[Data entries]
--------------------------------------------------

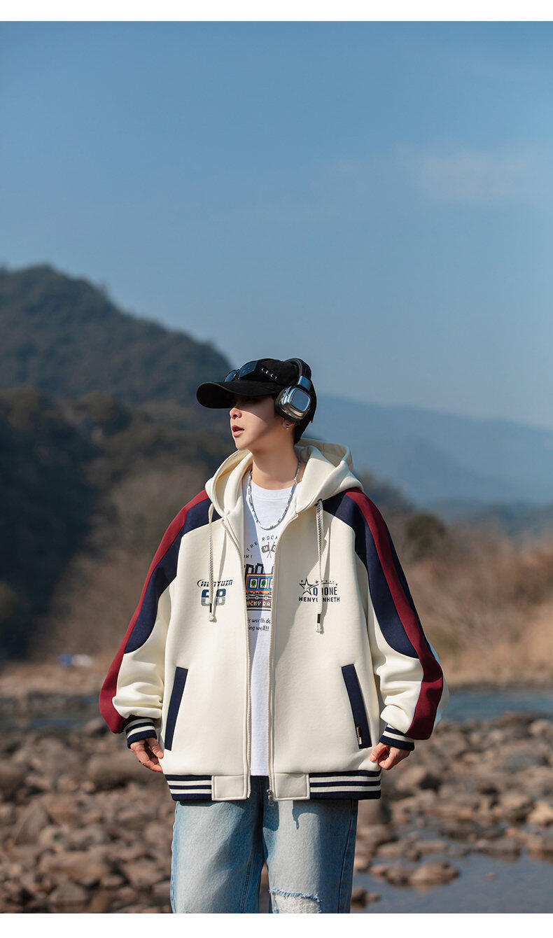 2025년 주요 추천 신상품 청소년 소년 야구 유니폼 후드 재킷 캐주얼 루즈하고 멋진 트렌디 재킷과 스웨트 셔츠
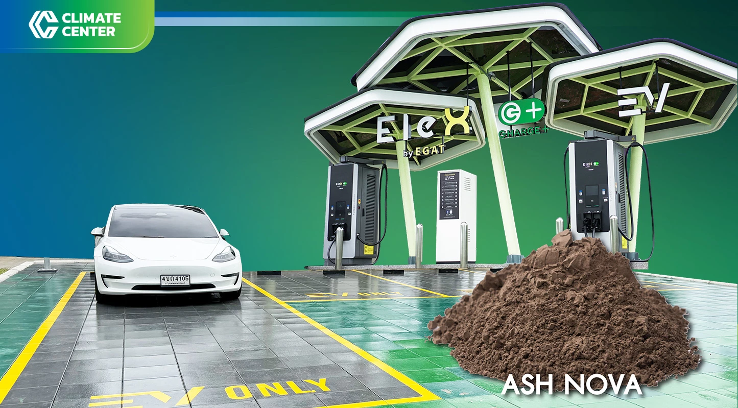 นอกจากนี้ หัวใจสำคัญที่ทำให้สถานีแห่งนี้เป็น Green Charging Station เป็นการเลือกใช้ วัสดุที่เป็นมิตรต่อสิ่งแวดล้อม โดยการนำคอนกรีตทางเลือก EGAT AshNova มาเป็นวัสดุในการก่อสร้างบริเวณพื้น ซึ่งเป็นนวัตกรรมวัสดุที่พัฒนามาจาก “เถ้าลอย” (Fly Ash) ซึ่งเป็นผลพลอยได้จากกระบวนการผลิตไฟฟ้าของโรงไฟฟ้าแม่เมาะ จ.ลำปาง จากใช้ถ่านหินลิกไนต์เป็นเชื้อเพลิงปีละกว่า 12.7 ล้านตัน และก่อให้เกิดเถ้าลอยราว 1.7 ล้านตันต่อปี
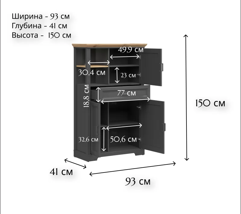 | Размер (ШxВxГ): | 930x1500x410 мм |
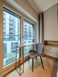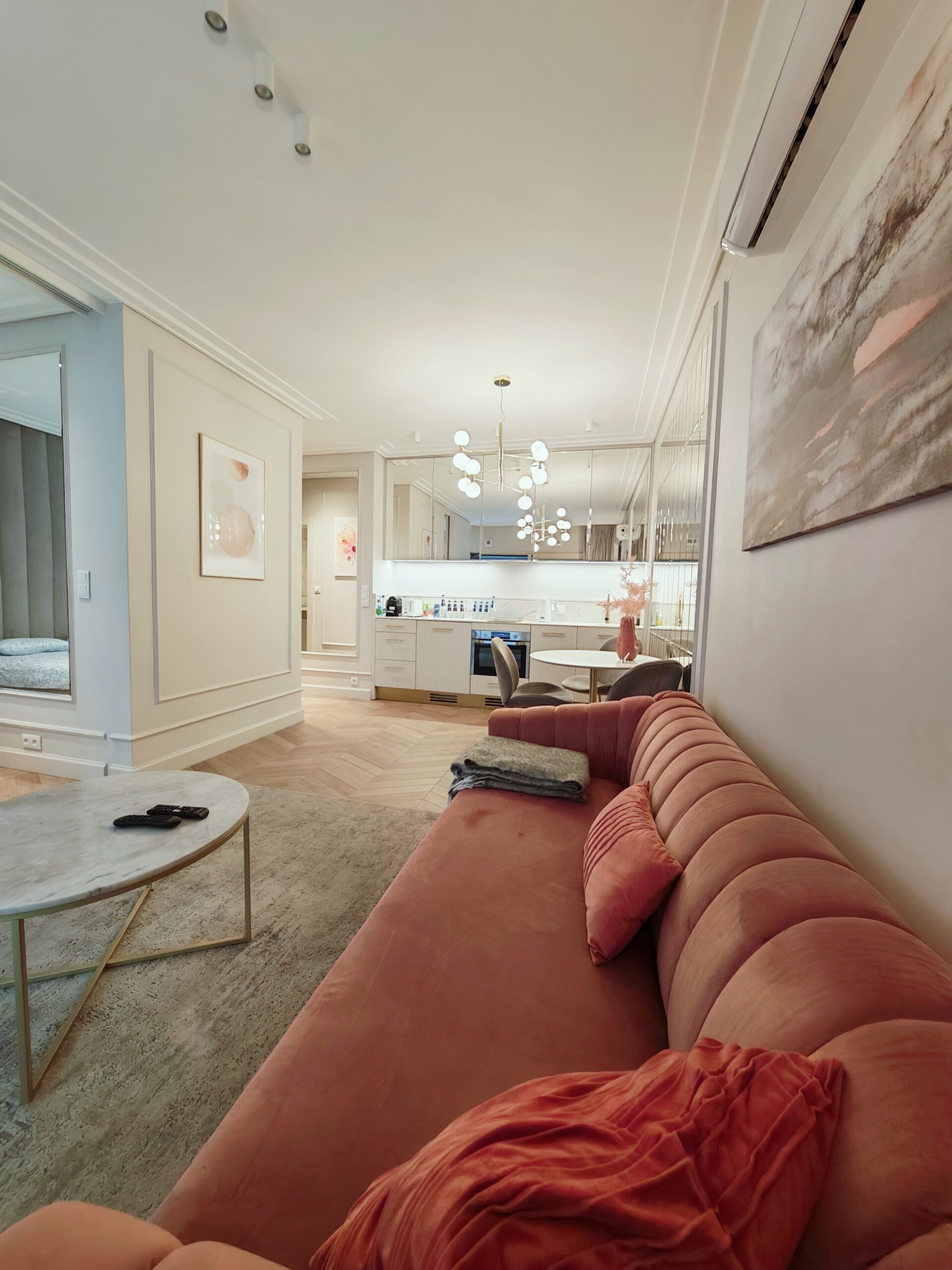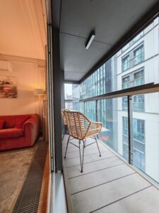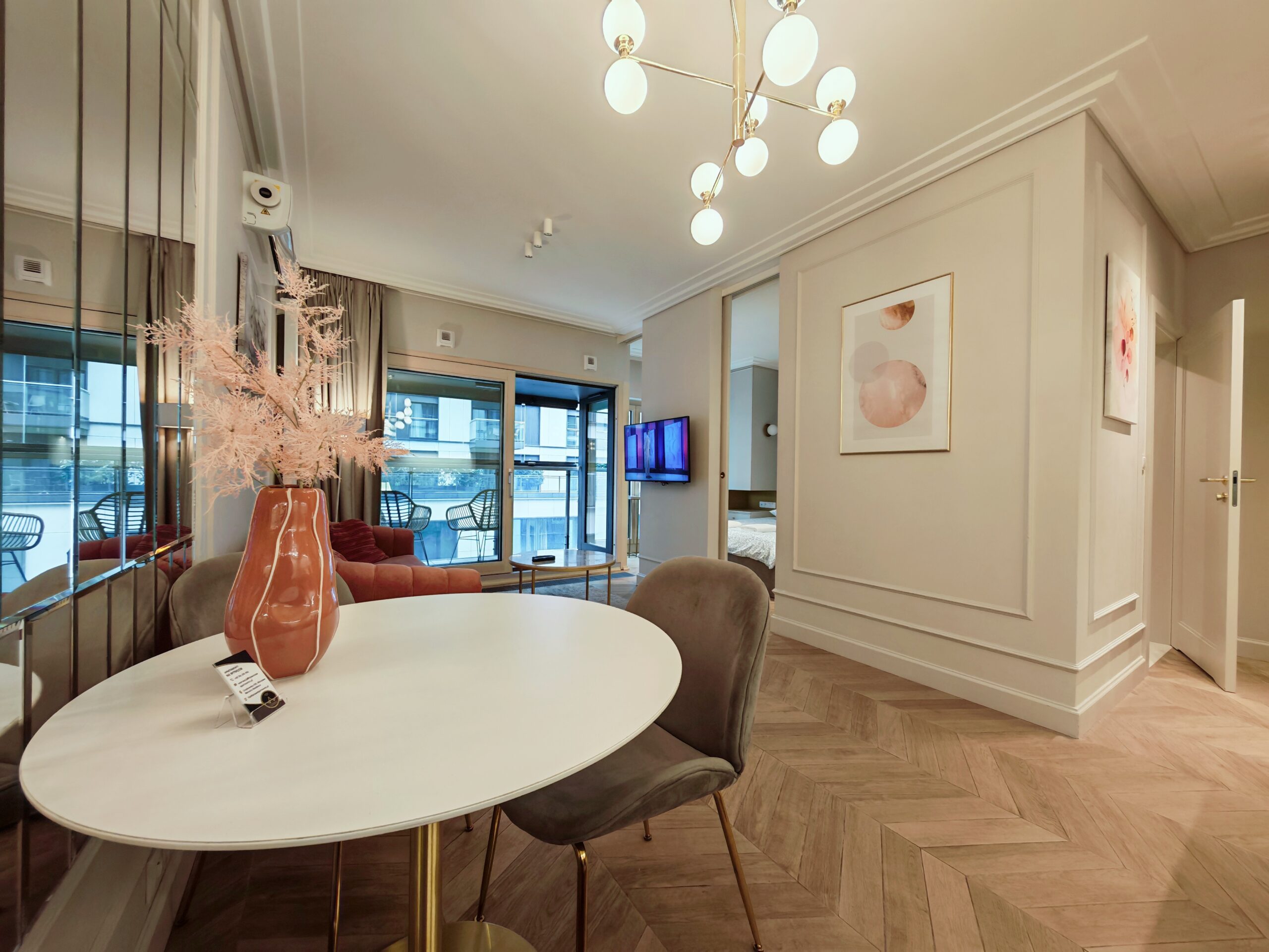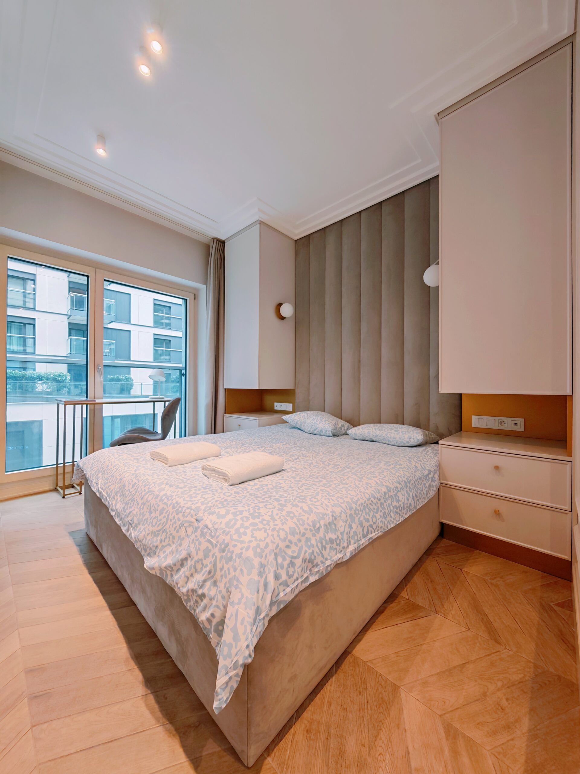 Apartament urządzony jest z dbałością o detale, a komfortowa sypialnia pozwala w pełni zregenerować siły. Z balkonu rozciąga się widok na tętniące życiem miasto, dzięki czemu można poczuć jego wyjątkową atmosferę.
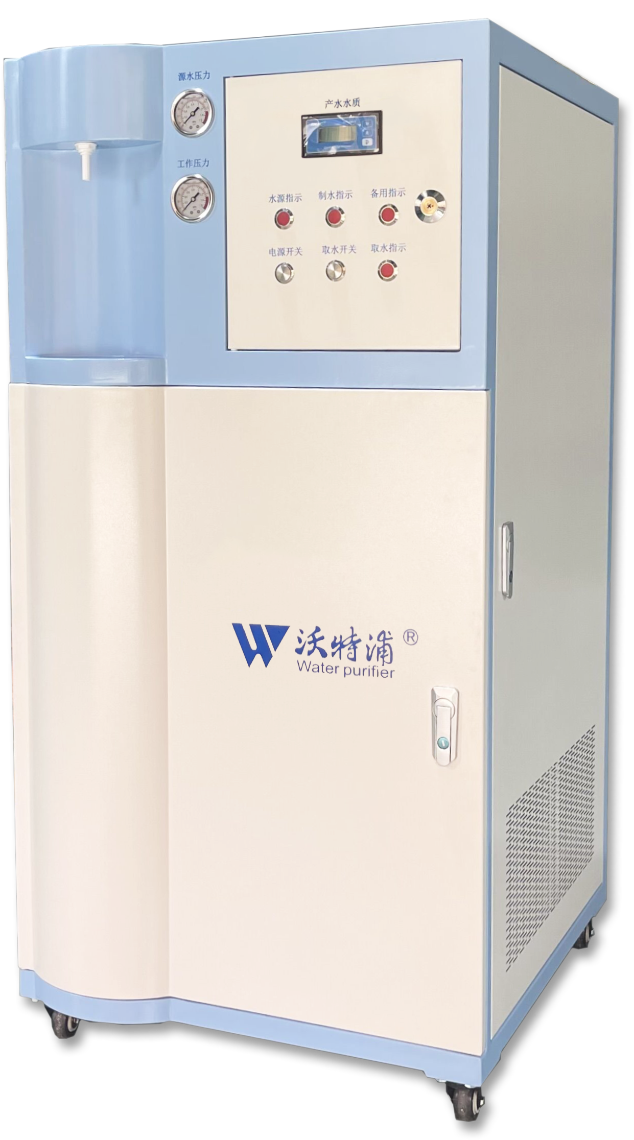 6.配備內置純水箱1個,容積為100升,食品級PE材質,水箱內設置有高、中、低三檔液位控制器,主機與水箱之間的設備連接不僅實現聯動,同時保護輸送泵不至空轉而損壞;
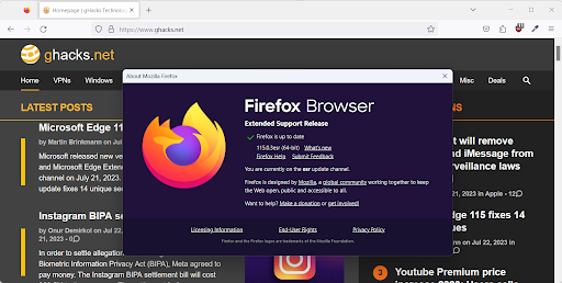 Firefox ESR installations may be upgraded to the new version by selecting Menu > Help > About Firefox. This opens a small popup that displays the current version. Firefox checks for updates whenever the page is opened and the new Firefox 115.0.3 ESR update should be downloaded and installed.
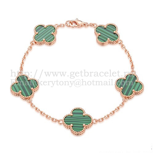 Van Cleef Arpels Alhambra Armband 5 Motive Roségold mit Malachit-Perlmutt
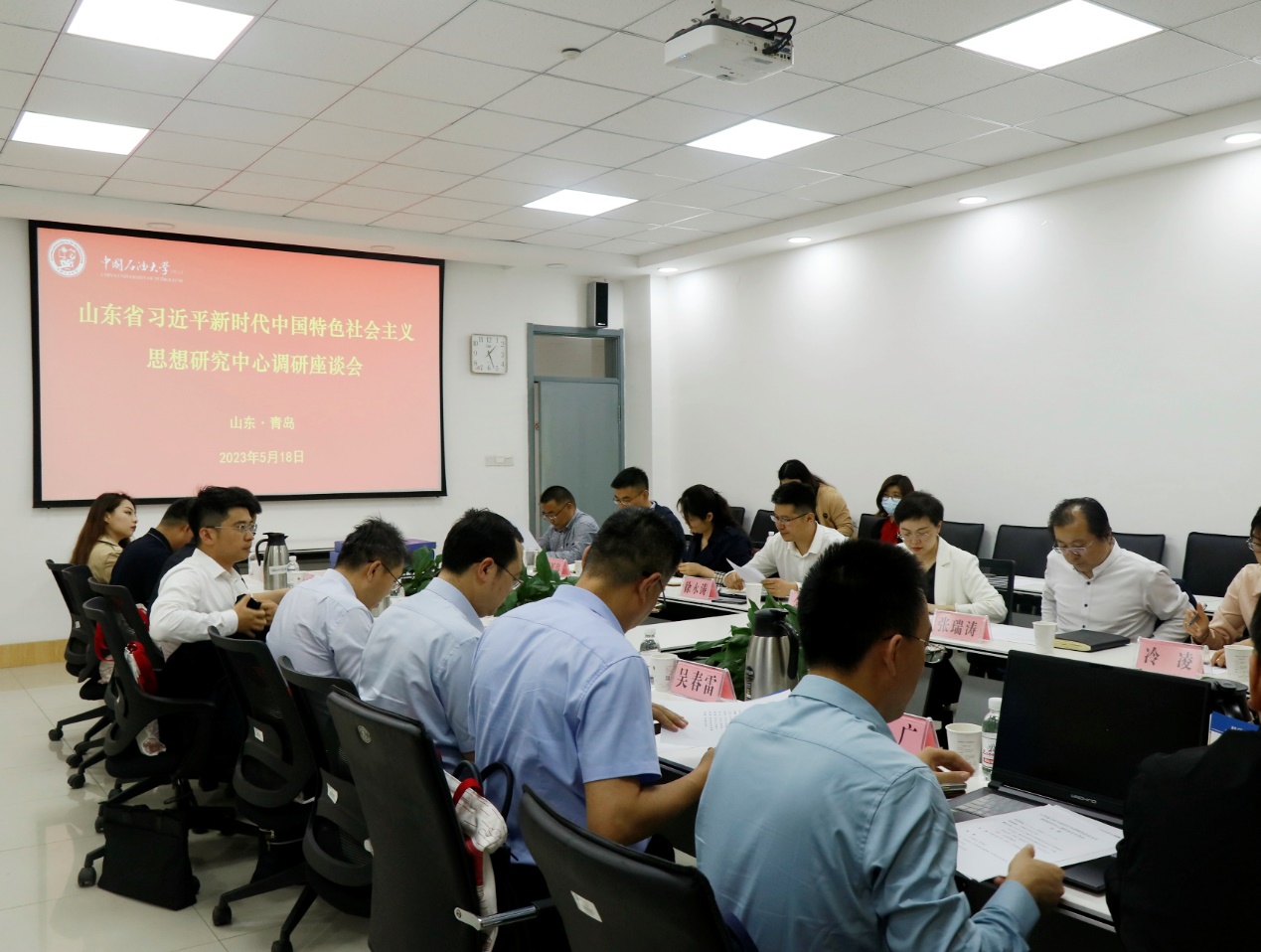 2023年5月18日下午,365官网举办山东省习近平新时代中国特色社会主义思想研究中心调研座谈交流会,会议由学校文科建设处处长金玉洁主持,山东省习近平新时代中国特色社会主义思想研究中心成员、青岛市委宣传部理论处负责人、学校相关部门负责人、bat365在线中国官网登录入口和文法学院教师代表等参加会议。
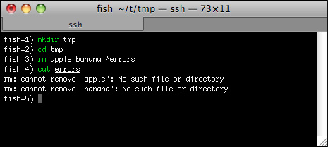 在命令 3 中,rm 产生的错误消息被重定向到 errors 文件中。命令 4 显示此文件的内容。fish shell 为重定向提供各种支持,比如把描述符组合成一个流和结束描述符。

--------------------------------------------------

## Problem to work on
Would you set down each line of the data exactly, with no images included?

## Your response
 2025년 주요 추천 신상품 청소년 소년 야구 유니폼 후드 재킷 캐주얼 루즈하고 멋진 트렌디 재킷과 스웨트 셔츠
 นอกจากนี้ หัวใจสำคัญที่ทำให้สถานีแห่งนี้เป็น Green Charging Station เป็นการเลือกใช้ วัสดุที่เป็นมิตรต่อสิ่งแวดล้อม โดยการนำคอนกรีตทางเลือก EGAT AshNova มาเป็นวัสดุในการก่อสร้างบริเวณพื้น ซึ่งเป็นนวัตกรรมวัสดุที่พัฒนามาจาก “เถ้าลอย” (Fly Ash) ซึ่งเป็นผลพลอยได้จากกระบวนการผลิตไฟฟ้าของโรงไฟฟ้าแม่เมาะ จ.ลำปาง จากใช้ถ่านหินลิกไนต์เป็นเชื้อเพลิงปีละกว่า 12.7 ล้านตัน และก่อให้เกิดเถ้าลอยราว 1.7 ล้านตันต่อปี
 | Размер (ШxВxГ): | 930x1500x410 мм |
 Apartament urządzony jest z dbałością o detale, a komfortowa sypialnia pozwala w pełni zregenerować siły. Z balkonu rozciąga się widok na tętniące życiem miasto, dzięki czemu można poczuć jego wyjątkową atmosferę.
 6.配備內置純水箱1個,容積為100升,食品級PE材質,水箱內設置有高、中、低三檔液位控制器,主機與水箱之間的設備連接不僅實現聯動,同時保護輸送泵不至空轉而損壞;
 Firefox ESR installations may be upgraded to the new version by selecting Menu > Help > About Firefox. This opens a small popup that displays the current version. Firefox checks for updates whenever the page is opened and the new Firefox 115.0.3 ESR update should be downloaded and installed.
 Van Cleef Arpels Alhambra Armband 5 Motive Roségold mit Malachit-Perlmutt
 2023年5月18日下午,365官网举办山东省习近平新时代中国特色社会主义思想研究中心调研座谈交流会,会议由学校文科建设处处长金玉洁主持,山东省习近平新时代中国特色社会主义思想研究中心成员、青岛市委宣传部理论处负责人、学校相关部门负责人、bat365在线中国官网登录入口和文法学院教师代表等参加会议。
 在命令 3 中,rm 产生的错误消息被重定向到 errors 文件中。命令 4 显示此文件的内容。fish shell 为重定向提供各种支持,比如把描述符组合成一个流和结束描述符。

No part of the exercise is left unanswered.